Amino acid levels and energy specifications in SBM for poultry and pigs

This is Part 1 of a 2 Part series defining the amino acid and energy specifications of soybean meal for growing pigs and poultry.

By R. Dean Boyd, Mamduh Sifri, David Holzgraefe, Bart Borg and Micah Pope*

Soybean meal (SBM) is the most widely used ingredient source of amino acids for pig and poultry diets in the world. Accurate formulation requires reliable amino acid and energy values for all ingredients. For SBM, this is more easily achieved for amino acids than for energy. Analytical options for amino acids have evolved to include better procedures (especially tryptophan). This includes near-infrared spectroscopy (NIRS) which uses larger sample sizes to improve estimation.
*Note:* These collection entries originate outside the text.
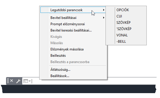 A jobb gombbal a parancsablakba kattintva és a Legutóbbi parancsok almenüben kiválasztva is indíthatja a parancsokat.
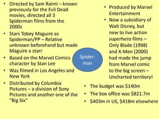 Edgar Wright's 2010 film Scott Pilgrim vs. The World was based on Bryan Lee O'Malley's graphic novel series. It had a budget of $60 million but only grossed $47.7 million worldwide. Starring Michael Cera as Scott Pilgrim, the film was produced by British company Big Talk Productions and distributed by Universal Pictures. Sam Raimi's 2002 film Spider-Man starred Tobey Maguire as Peter Parker/Spider-Man and was produced by Marvel Entertainment and distributed by Sony Pictures. With a $140 million budget, it grossed $821.7 million worldwide. Christopher Nolan's 2005 film Batman Begins rebooted the Batman franchise starring Christian Bale.
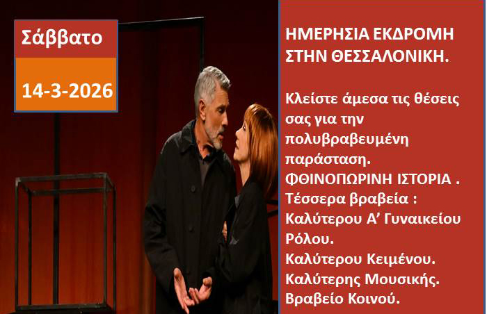 Ο Προοδευτικός Σύλλογος διοργανώνει ημερήσια εκδρομή στη Θεσσαλονίκη το Σάββατο 14 Μαρτίου για να παρακολουθήσουμε στο

Net energy (NE) values for growing pigs, on the other hand, are computed from compositional components and resulting estimates vary considerably among international references. We are unclear about the accuracy of metabolizable energy (ME) estimates for growing poultry, however, these are easier to prove or disprove.

We published amino acid and energy values for SBM over the 44.0 to 48.0% crude protein (CP) range and applied those values in serial formulations to evaluate the economic value of increasing the amino acid content of SBM (Pope et al., 2023). Amino acid composition and respective prediction equations, ME for growing poultry and NE estimates for growing pigs were presented and are reported here to increase access to them. SBM ME values for poultry were derived from Rostagno et al. (2017). The SBM NE values that we presented for growing pigs are in agreement with growth assays in the private sector and recent calorimetry studies by the University of Illinois. The latter technology is the basis for our assertion that prediction equations used by international references underestimate SBM NE value for pigs (Lee et al., 2022).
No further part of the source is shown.